──────── Given material

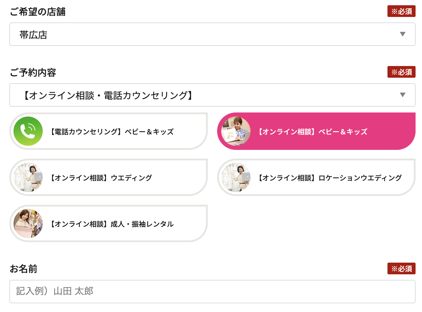 【帯広店 予約電話番号】
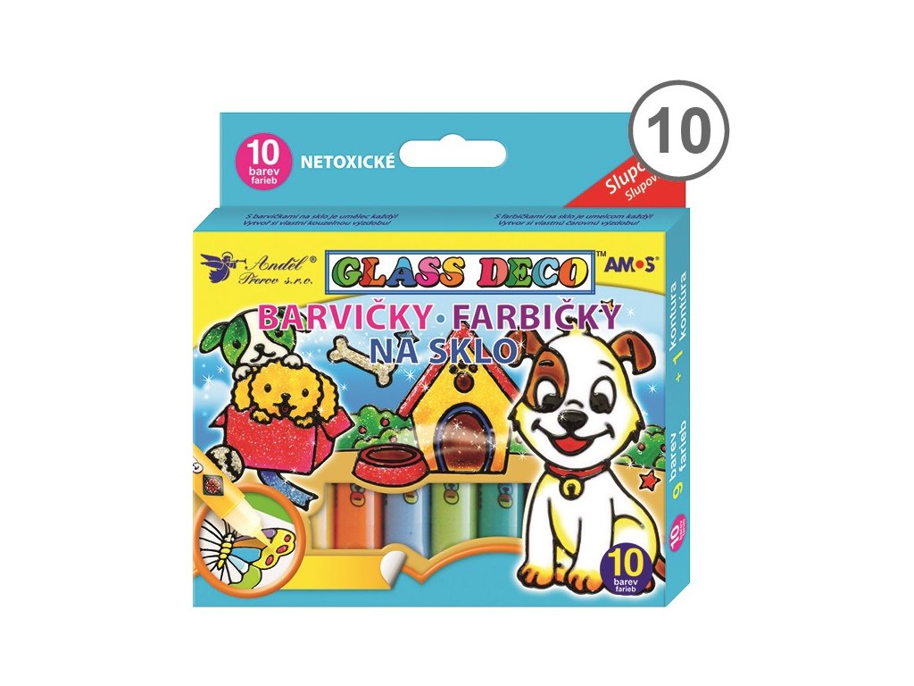 Barvy na sklo sada 10 barev 10,5 ml + fólie a šablony
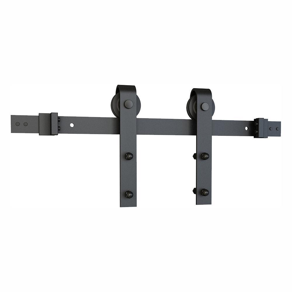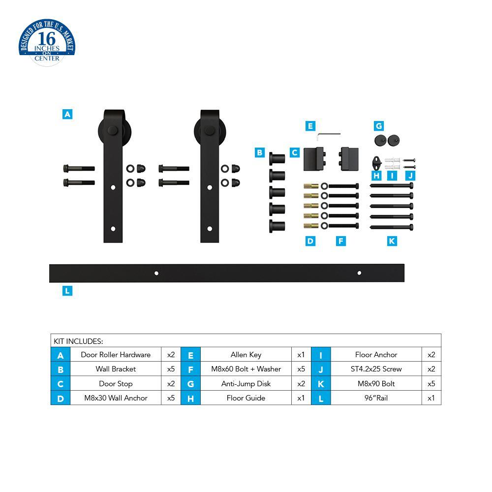 - Kit includes: 1 flat rail (96 in. x 1-1/2 in. x 3/16 in.), 2 door rollers, 2 door stops, 1 floor guide (to be routed into bottom of door), 6 wall brackets, 2 anti-jump disks and screws

────────────────

• [Task statement] Output the listing above in full and exactly, with pictures excluded.

• [Reply to the task]
 【帯広店 予約電話番号】
 Barvy na sklo sada 10 barev 10,5 ml + fólie a šablony
 - Kit includes: 1 flat rail (96 in. x 1-1/2 in. x 3/16 in.), 2 door rollers, 2 door stops, 1 floor guide (to be routed into bottom of door), 6 wall brackets, 2 anti-jump disks and screws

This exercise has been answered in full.